The dollar fell to EUR 1.0083 and GBP 0.8760. The ounce of gold is down a bit at USD 1649. Oil is consolidating its rally, with North Sea Brent crude at USD 91.21 per barrel and US WTI light crude at USD 84.71. The yield on 10-year U.S. debt is back up to 4.21%. Bitcoin remains stuck in the 19,000 / 19,500 dollars per unit zone.

 

In corporate news:

* 3M Co lowered its annual profit and revenue forecasts, as the Scotch and Post-it manufacturer expects to suffer more from inflation and the strength of the dollar on the results of its overseas operations. Its stock was down 2% in premarket trading.

* General Motors was up 5% in pre-market trading, as sales of high-priced trucks in North America helped the automaker post a quarterly profit that beat analysts' expectations.

* Coca-Cola raised its annual revenue forecast on the expectation of stable demand for its sodas, whose prices have risen to offset the impact of inflation. In pre-market trading, the stock gained 3%.

* General Electric reported a 19% decline in adjusted quarterly profit and lowered its annual profit target, citing internal supply problems, inflationary pressures and weakness in its renewable energy business.

* UPS on Tuesday reported an increase in adjusted third-quarter profit as higher delivery costs offset a slowdown in online business.

* Biogen raised its 2022 profit forecast again, thanks to a reduction in expenses.

* Apple is cutting the production rate of the iPhone 14 Plus due to weak demand and increasing the production rate of the iPhone 14 Pro, market research firm TrendForce reported Tuesday.

* Health insurer Centene was down in pre-market trading despite slightly better-than-expected quarterly profit growth.

* Halliburton gained 1.8% in premarket trading after posting a stronger-than-expected increase in third-quarter profit.

* Valero Energy said Tuesday it posted a better-than-expected third-quarter profit on demand.

* Archer-Daniels-Midland - The grain and agricultural commodities trading group saw its third-quarter profit nearly double, thanks to strong demand and tight supply.

* Meta Platforms - WhatsApp messaging was gradually accessible again Tuesday after a massive outage around the world.

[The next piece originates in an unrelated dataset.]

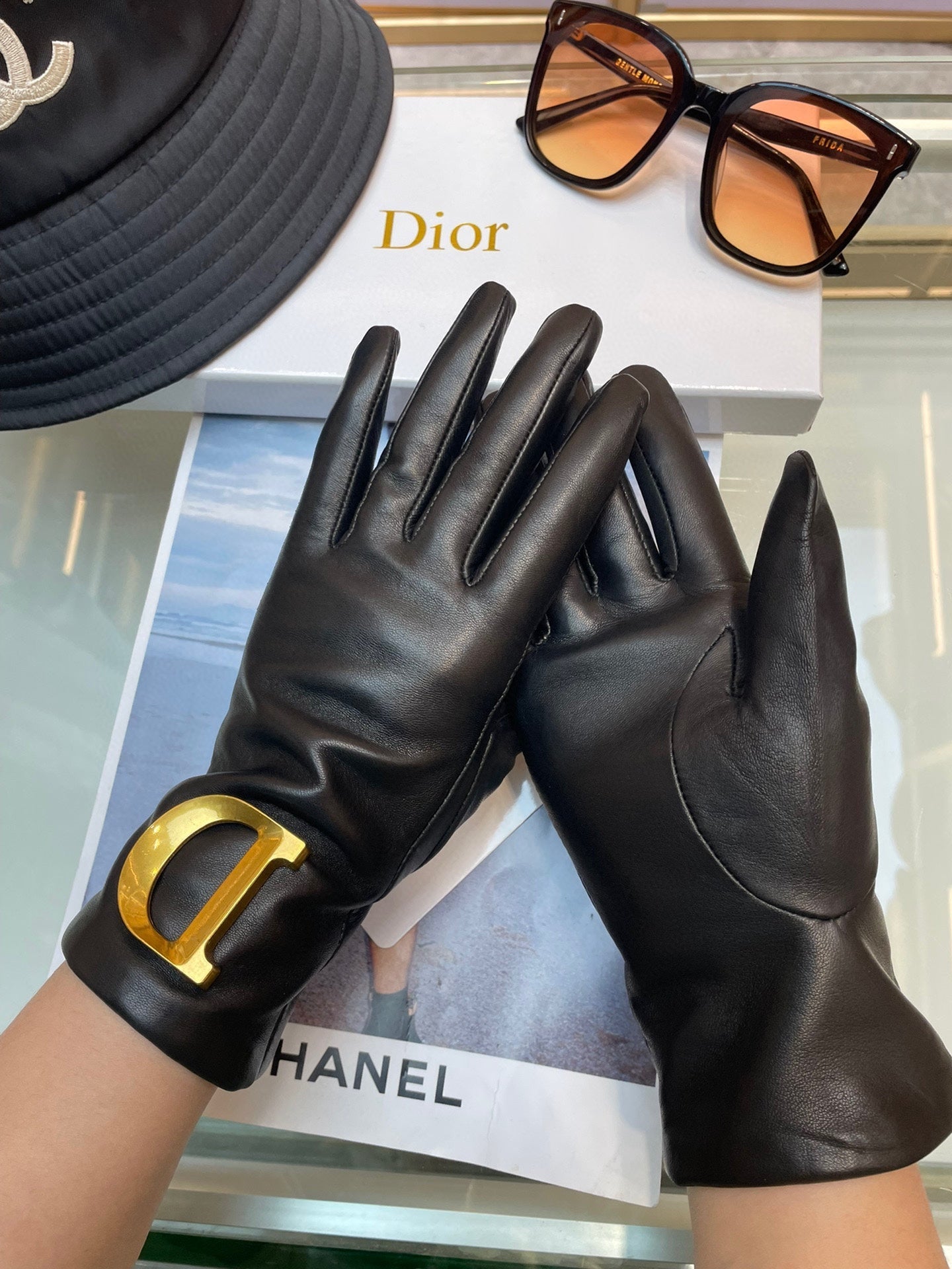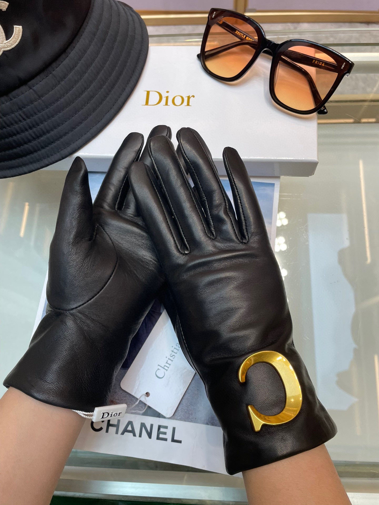 GLOVES WITH METAL HARDWARE IN BLACK LAMBSKIN 218820

* Warner Bros Discovery announced Monday that costs related to the cancellation of several series and movies, including "Batgirl," could reach $2.5 billion.

 

Analyst recommendations:

  • Alphabet: KeyBanc adjusts price target to $120 from $125, reiterates overweight rating.
  • ASOS: Berenberg remains Buy with target reduced from GBp 1800 to GBp 1200.
  • Caleres: Piper Sandler initiated coverage with a recommendation of neutral. PT up 7.2% to $28.
  • Danaher: Benchmark downgrades to Hold from Buy
  • Duke Energy: Guggenheim adjusts price target to $97 from $119, maintains buy rating.
  • Landstar: Jefferies initiated coverage with a recommendation of hold. PT down 2.9% to $145.
  • Planet Fitness: Piper Sandler upgrades  to overweight from neutral. PT up 22% to $70.
  • Match Group: Truist Securities adjusts price target to $56 from $68, keeps hold rating.
  • Meta: KeyBanc adjusts price target to $175 from $196, reiterates overweight rating
  • Moderna: JPMorgan adjusts price target to $122 from $165, keeps neutral rating.
  • Netflix: Daiwa Securities upgrades to outperform from neutral. PT up 17% to $330.
  • ServiceNow: Guggenheim upgrades to Buy from Neutral
  • Southern Company: Guggenheim lowers price target to $69 from $80, maintains buy rating.
  • Tesla: Morgan Stanley lowers price target to $330 from $350, maintains overweight rating.
  • Uber Technologies: Cowen adjusts price target to $70 from $76, keeps outperform rating.
  • Upstart: Mizuho Securities initiated coverage with a recommendation of underperform. PT down 20% to $17.
  • Verizon Communications: Cowen adjusts price target to $55 from $64, keeps outperform rating.